• _Task_: Below are the entries; give again exactly the lines from the one mentioning "Because these processes" through the one mentioning "Along the road", inclusive.

• _Records for the exercise_:
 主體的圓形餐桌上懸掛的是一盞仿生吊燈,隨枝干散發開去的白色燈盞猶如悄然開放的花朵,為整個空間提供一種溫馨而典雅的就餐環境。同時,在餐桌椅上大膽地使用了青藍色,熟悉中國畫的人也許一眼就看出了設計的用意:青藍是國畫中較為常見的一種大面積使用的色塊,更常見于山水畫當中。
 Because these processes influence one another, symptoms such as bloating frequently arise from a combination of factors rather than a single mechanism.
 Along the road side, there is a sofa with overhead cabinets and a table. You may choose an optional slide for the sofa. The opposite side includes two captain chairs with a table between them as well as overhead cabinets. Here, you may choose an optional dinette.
---
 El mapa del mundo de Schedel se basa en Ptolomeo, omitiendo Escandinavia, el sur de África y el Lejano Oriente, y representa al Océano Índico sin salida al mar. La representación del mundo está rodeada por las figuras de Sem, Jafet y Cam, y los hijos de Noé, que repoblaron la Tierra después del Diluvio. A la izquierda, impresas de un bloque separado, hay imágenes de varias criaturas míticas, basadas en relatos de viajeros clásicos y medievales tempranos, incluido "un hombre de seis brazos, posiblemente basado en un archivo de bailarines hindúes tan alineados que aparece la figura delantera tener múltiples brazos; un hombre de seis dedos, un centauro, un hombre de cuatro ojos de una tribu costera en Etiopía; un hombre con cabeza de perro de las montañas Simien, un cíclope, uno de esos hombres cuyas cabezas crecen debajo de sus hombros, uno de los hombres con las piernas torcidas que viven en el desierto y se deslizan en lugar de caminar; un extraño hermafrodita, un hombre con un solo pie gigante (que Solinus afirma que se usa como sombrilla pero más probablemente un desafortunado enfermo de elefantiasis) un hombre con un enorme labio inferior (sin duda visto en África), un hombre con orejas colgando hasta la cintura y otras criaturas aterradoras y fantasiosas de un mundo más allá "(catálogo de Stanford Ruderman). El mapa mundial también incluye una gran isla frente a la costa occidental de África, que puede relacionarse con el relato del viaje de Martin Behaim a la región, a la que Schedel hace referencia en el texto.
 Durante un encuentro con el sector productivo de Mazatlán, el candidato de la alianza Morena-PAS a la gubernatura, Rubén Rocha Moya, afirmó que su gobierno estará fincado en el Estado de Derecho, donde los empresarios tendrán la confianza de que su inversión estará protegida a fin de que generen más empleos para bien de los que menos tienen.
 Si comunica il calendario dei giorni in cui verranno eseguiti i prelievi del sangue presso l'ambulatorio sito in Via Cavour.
==
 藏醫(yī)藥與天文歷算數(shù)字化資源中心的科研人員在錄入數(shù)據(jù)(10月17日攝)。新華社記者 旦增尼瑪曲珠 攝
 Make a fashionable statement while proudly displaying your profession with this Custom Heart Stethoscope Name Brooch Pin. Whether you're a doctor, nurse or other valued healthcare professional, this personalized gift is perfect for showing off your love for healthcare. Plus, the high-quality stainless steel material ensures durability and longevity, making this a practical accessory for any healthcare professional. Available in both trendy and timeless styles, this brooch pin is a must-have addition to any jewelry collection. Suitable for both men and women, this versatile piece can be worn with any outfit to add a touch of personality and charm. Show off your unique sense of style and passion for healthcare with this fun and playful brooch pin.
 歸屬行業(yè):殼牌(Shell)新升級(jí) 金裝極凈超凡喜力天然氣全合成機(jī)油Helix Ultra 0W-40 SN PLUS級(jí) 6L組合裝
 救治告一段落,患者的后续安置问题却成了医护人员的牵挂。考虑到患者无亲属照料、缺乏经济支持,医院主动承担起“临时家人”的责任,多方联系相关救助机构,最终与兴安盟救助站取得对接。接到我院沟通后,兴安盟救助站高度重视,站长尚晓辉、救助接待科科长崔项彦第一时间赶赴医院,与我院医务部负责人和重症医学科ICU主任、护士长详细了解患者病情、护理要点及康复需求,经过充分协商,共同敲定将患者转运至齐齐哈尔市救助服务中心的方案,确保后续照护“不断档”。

• _Your response_:
 Because these processes influence one another, symptoms such as bloating frequently arise from a combination of factors rather than a single mechanism.
 Along the road side, there is a sofa with overhead cabinets and a table. You may choose an optional slide for the sofa. The opposite side includes two captain chairs with a table between them as well as overhead cabinets. Here, you may choose an optional dinette.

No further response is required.